-- PROVIDED RECORDS follows --
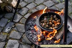 Stellt man den Gusseisentopf nun direkt auf den Grillrost im Grill und schließt den Deckel, heizt sich das Material rundum gleichmäßig auf. Genauso bei der Befeuerung mit glühenden Briketts unter dem Gusstopf und auf dem Deckel. Aber auch eine Befeuerung nur von unten, etwa in einer Feuerstelle, am Dreibein, über dem Feuer oder auf dem Gasherd, sind problemlos möglich, um den Feuertopf zu verwenden.
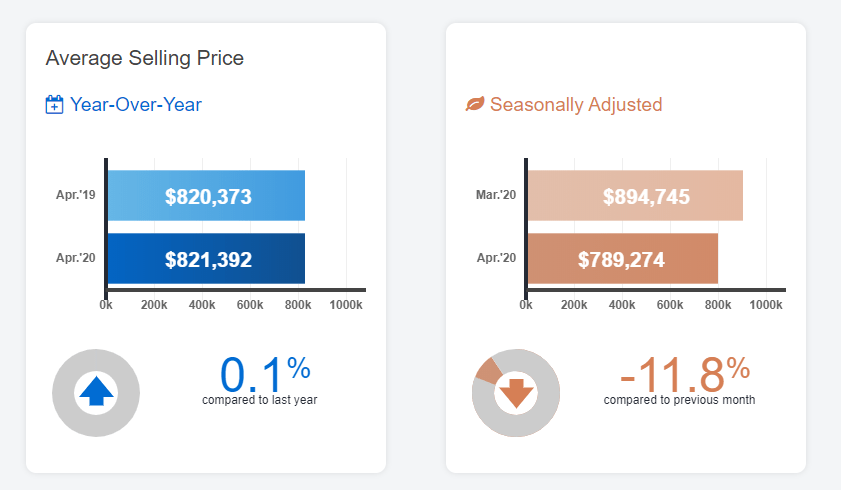 以大多伦多地区而言,四月份的房屋销售量暴跌了67%,该月的均价在季节调整后比3月份下跌11.8%,比一年前同月的价格只多了0.1%。
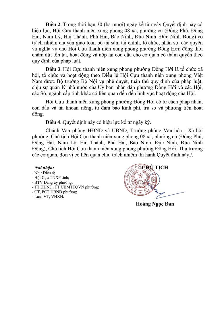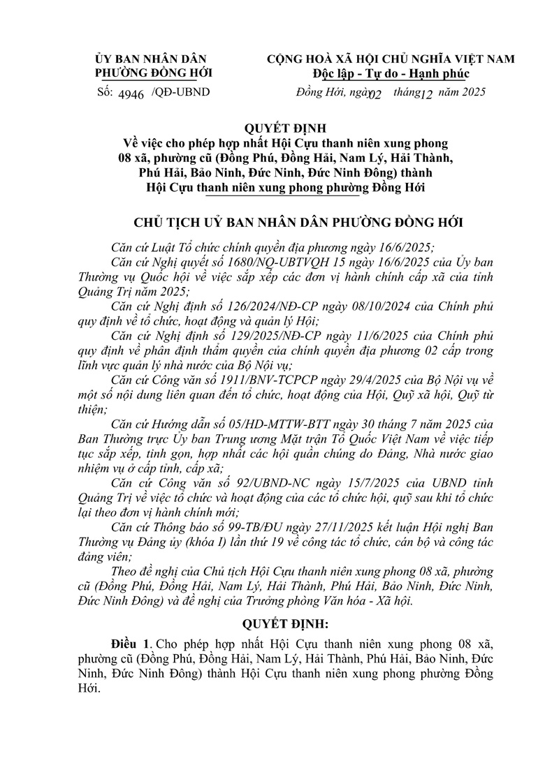 Quyết định của UBND hợp nhất Hội Cựu TNXP 08 xã, phường cũ (Đồng Phú, Đồng Hải, Nam Lý, Hải Thành, Phú Hải, Bảo Ninh, Đức Ninh, Đức Ninh Đông) thành Hội Cựu TNXP phường Đồng Hới, tỉnh Quảng Trị
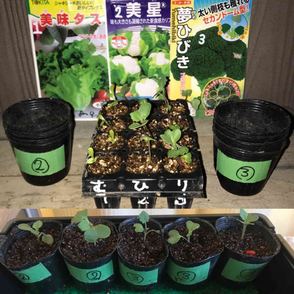 ②③ブロッコリー🥦カリフラワー、色違いみたいな感じだから生育もほぼ一緒な感じで🪴
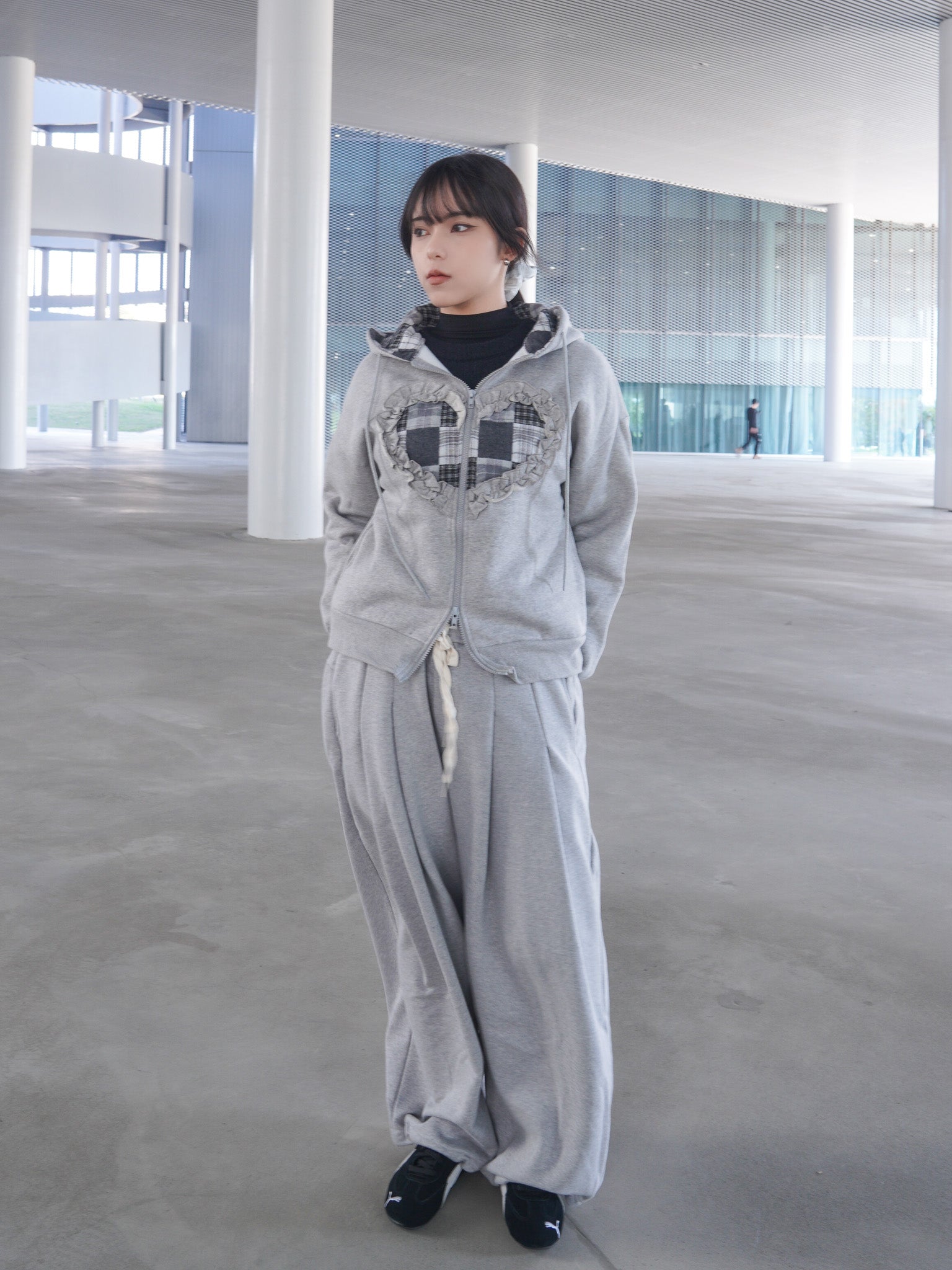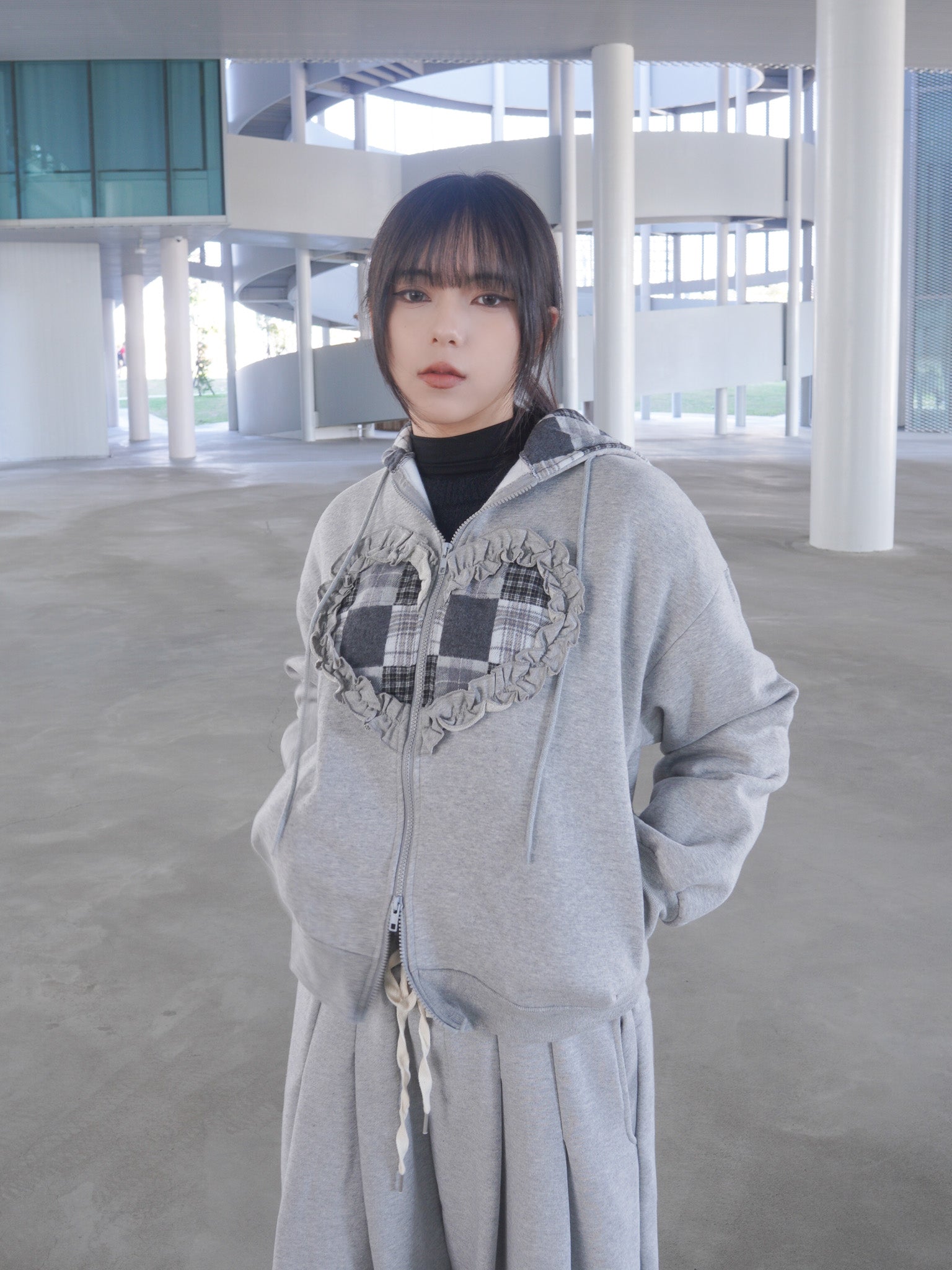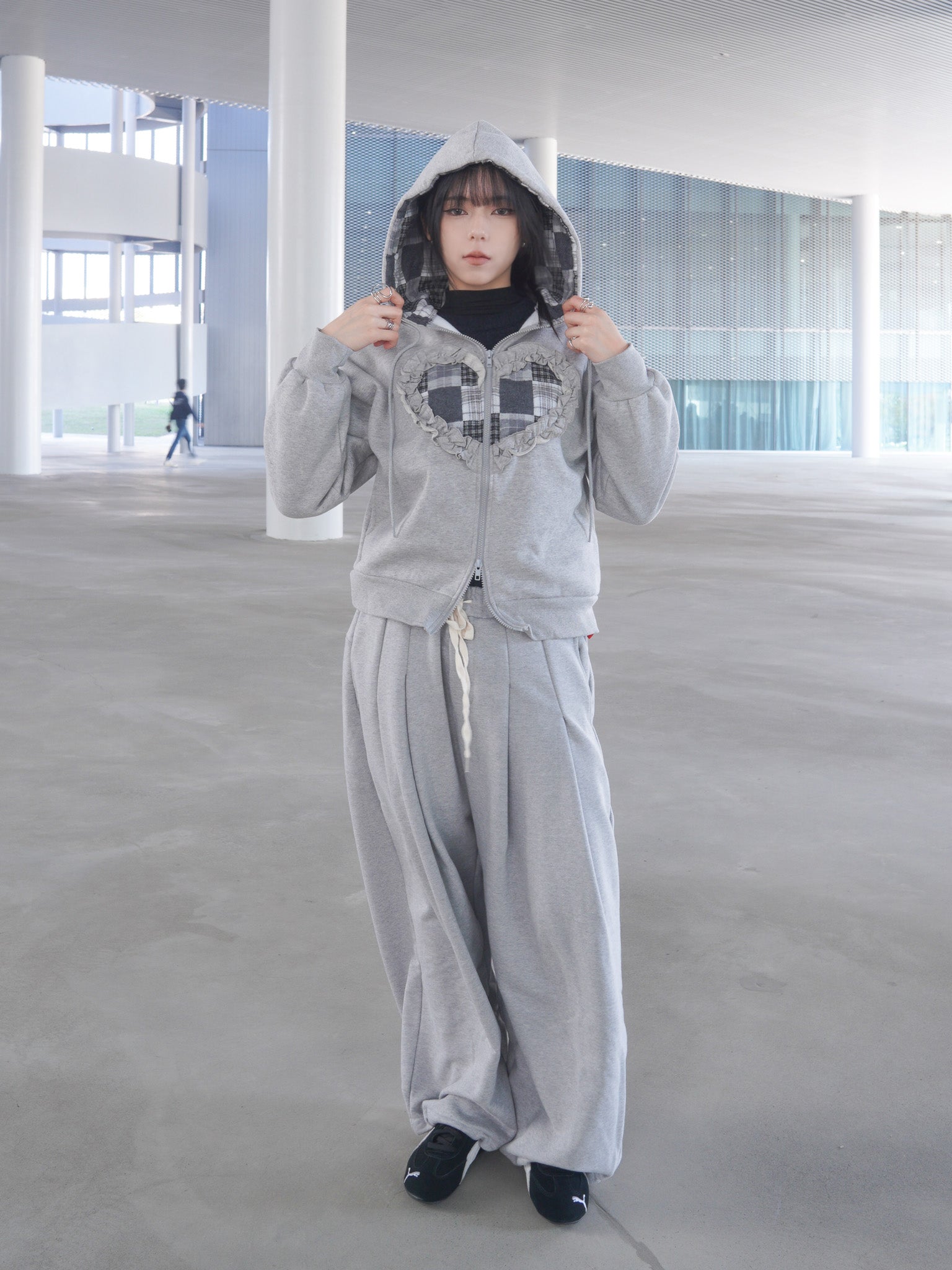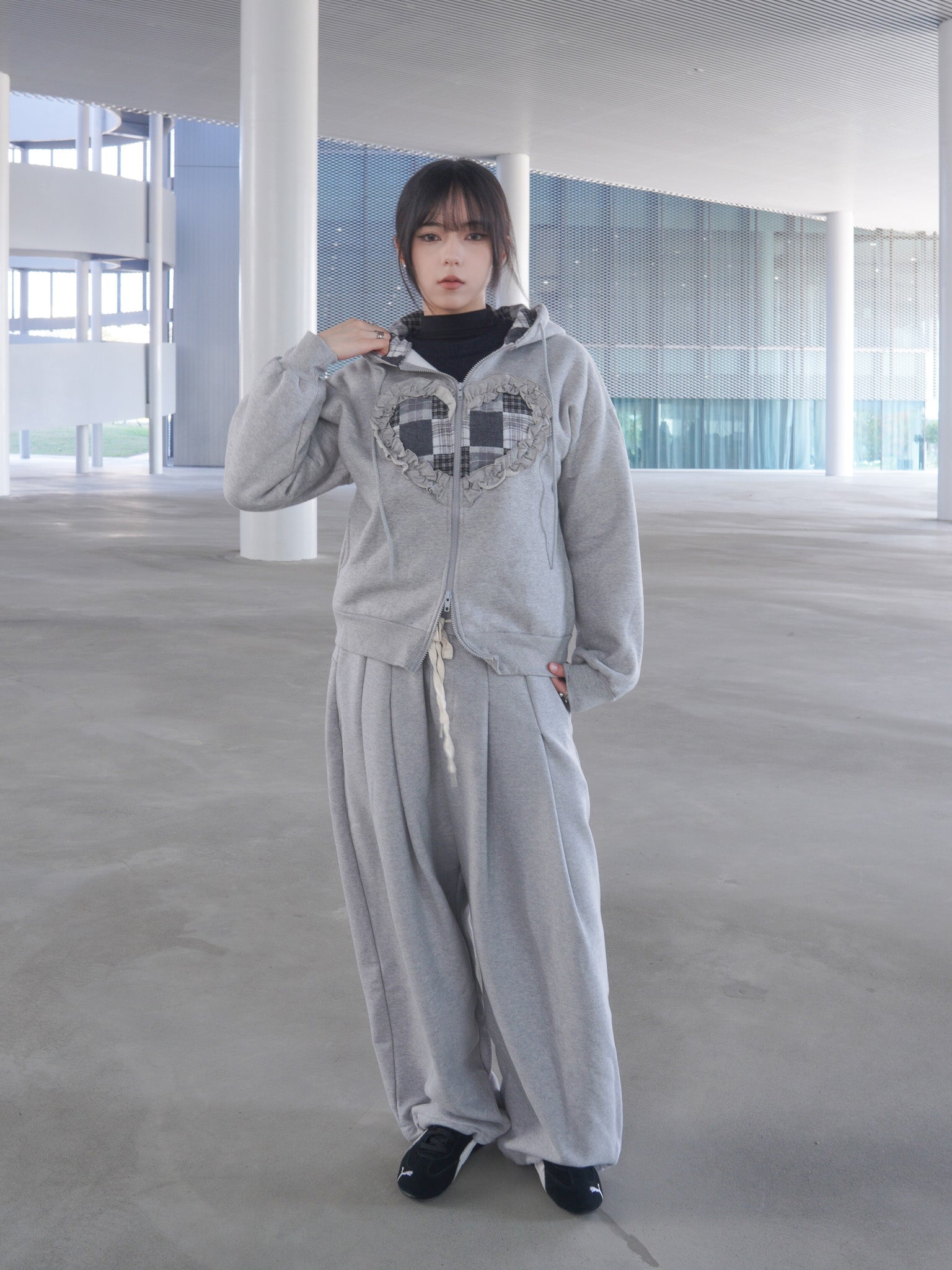 J-H92 韓國立體抽繩愛心貼布連帽外套
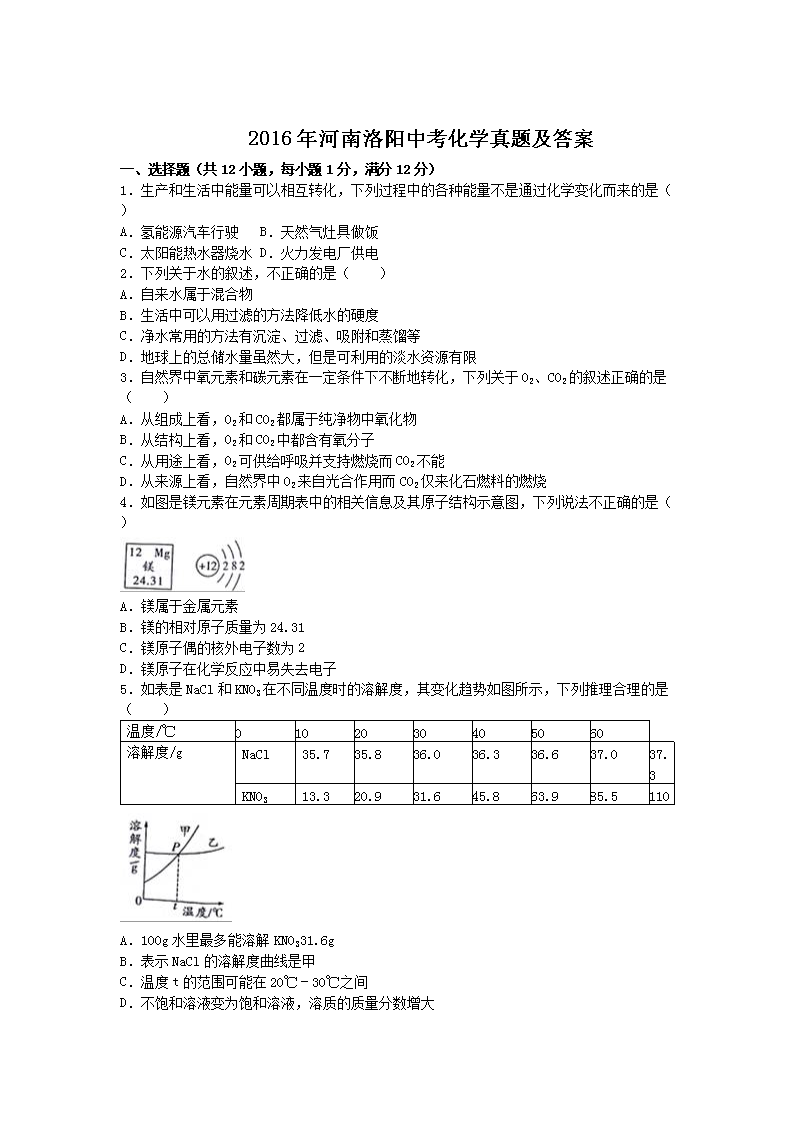 【文档预览】 无忧考网整理发布2016年河南洛阳中考化学真题及答案(Word版),前五页预览如下:
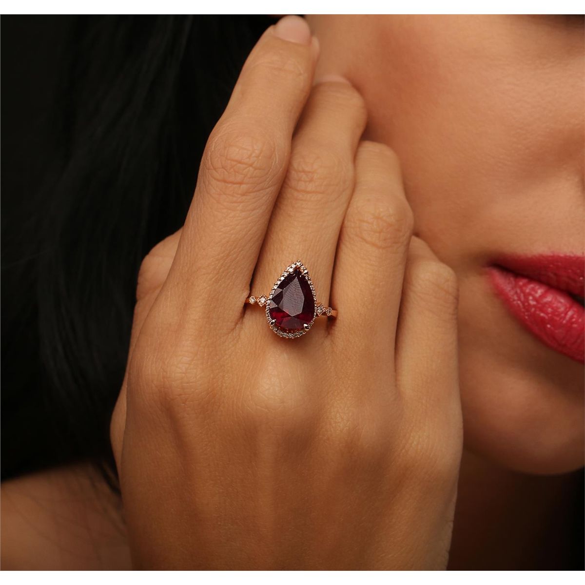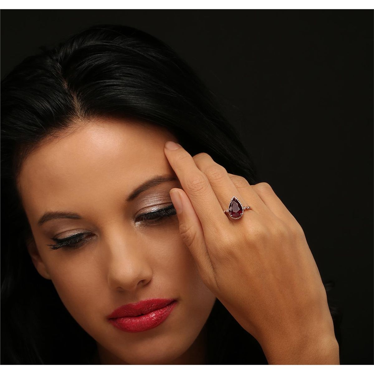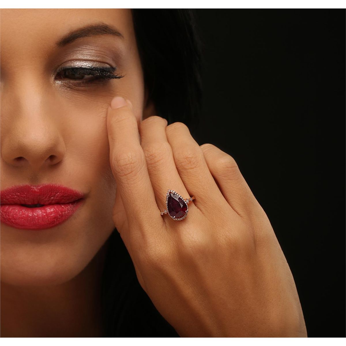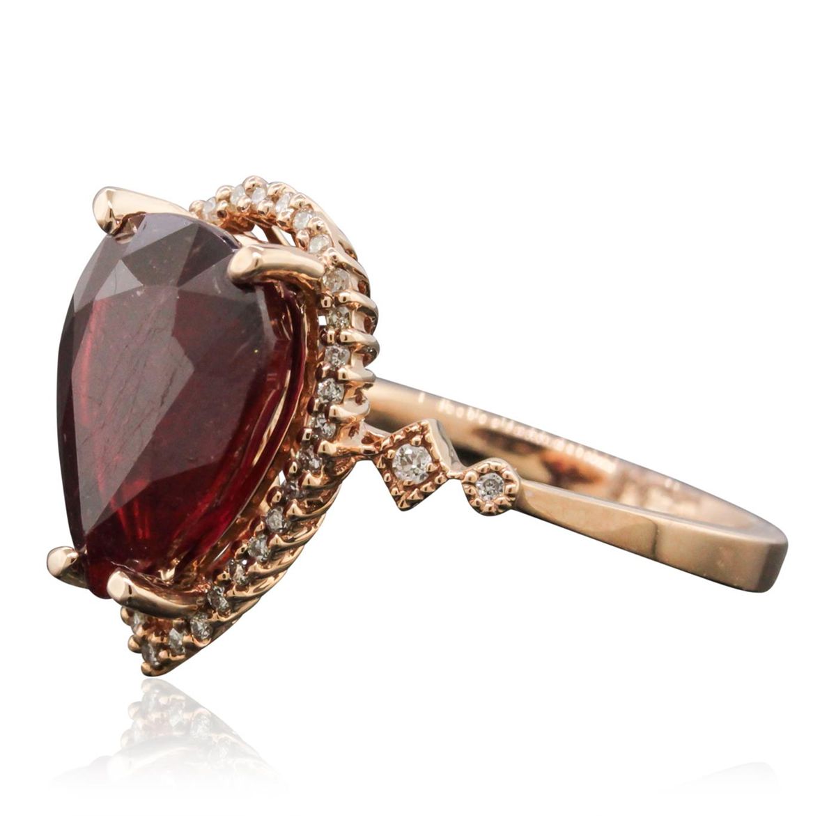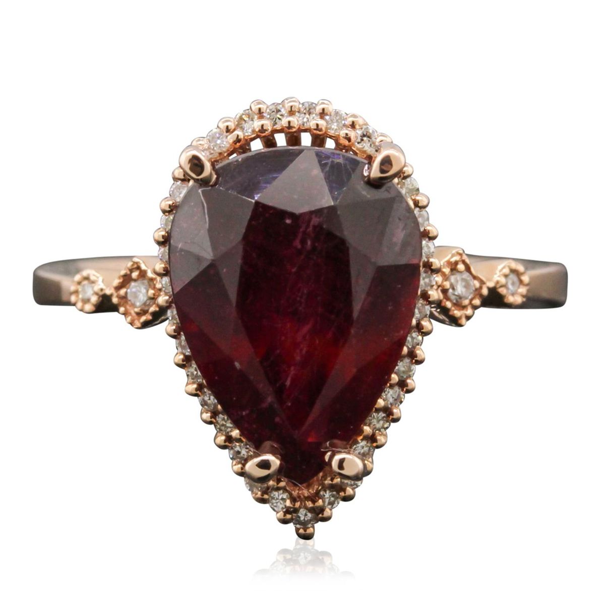 One electronically tested 14KT rose gold Ladies combination cast & assembled ring with a bright polish finish. Condition is new. Identified with markings of "K14". Containing: One prong set pear modified brilliant cut natural ruby, measuring 11.80 x 8.90 x 5.48mm, approximate. Total Weight of 4.60ct., clarity is heavily included, type II, medium dark, moderately strong, strongly purplish red color, (GIA stpR 6/4), cut is good. Thirty-Seven prong set round brilliant cut diamonds, measuring 1.10 - 1.10 x 0.66mm (depth est.) approximate. Total Weight of 37 Stones = 0.18ct. Clarity: I-1 to I-2. Color: J - K, Cut is Good. Colored gemstones are presumed to have been subjected to commonly used enhancement processes. All diamonds and colored gemstones are graded in the mounting, unless otherwise stated. Total Weight of Colored Stones 4.60ct. Total Weight of Diamonds 0.18ct. Total Weight of Ring 3.90 grams. GGL Appraised at $3,310.00.
-- PROVIDED RECORDS concluded --
WHAT IS REQUIRED: Retype each line of the data exactly, beginning with the first; include the line containing "以大多伦多地区而言,四月份的" and stop there, skipping every picture.

RESPONSE AREA:
 Stellt man den Gusseisentopf nun direkt auf den Grillrost im Grill und schließt den Deckel, heizt sich das Material rundum gleichmäßig auf. Genauso bei der Befeuerung mit glühenden Briketts unter dem Gusstopf und auf dem Deckel. Aber auch eine Befeuerung nur von unten, etwa in einer Feuerstelle, am Dreibein, über dem Feuer oder auf dem Gasherd, sind problemlos möglich, um den Feuertopf zu verwenden.
 以大多伦多地区而言,四月份的房屋销售量暴跌了67%,该月的均价在季节调整后比3月份下跌11.8%,比一年前同月的价格只多了0.1%。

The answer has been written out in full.